What does the arrow function with a () after means? [duplicate]

With arrow functions, you can either use a single statement or a block as the function body. These two are equivalent:

() => foo
() => {
  return foo;
}

In your example, if the lambda was defined as () => {post: action.msg} the object ({}) would be interpreted as a body block instead of an object. The runtime would try to parse it as an equivalent to:

function () {
  post: action.msg
}

which is a named label and property access, and doesn’t make much sense here.
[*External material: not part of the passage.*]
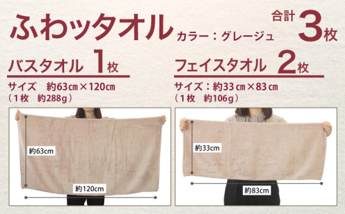 - ふわッタオル バスタオル 1枚&フェイスタオル 2枚セット(グレージュ)【スーパーゼロ SUPER ZERO 泉州こだわりタオル 泉州タオル 国産 吸水 普段使い シンプル 日用品 家族 ファミリー】 015B567
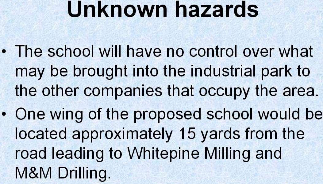 Policy 6200 has been quoted many times on this website. The locations listed as prohibited for school sites are to guarantee safety for our children. Jackson County Board member Carroll Staats states, “Once it’s there, everyone will be pleased.” If the school is eventually built at that site, parents will see some of the safety issues that should have been addressed before the property was purchased in 2006.

By wrapping in parens, you hint to the parser that it is an expression to be evaluated and the fat arrow function rules on single-expression bodies kick in, making it equivalent to:

function () {
  return {post: action.msg};
}

To work around the single-expression rules when you want to do two related things (occasionally useful in map/reduce algorithms), you can use parens to group a pair of expressions:

foo.reduce((p, c) => (c.counted = true, p += c.value));

This will set the counted property of c, before adding c.value to p and returning the result of p += c.value as the new value of p.

The parentheses wrap an expression in ECMAScript and can be used, with the comma operator, to group multiple expressions. The results of the last expression are returned when the group is evaluated.

For example:

var i = 0, j = 0;
console.log((j += 10, i += 2), j);

will print 2 10, since j is incremented in the () group and printed later.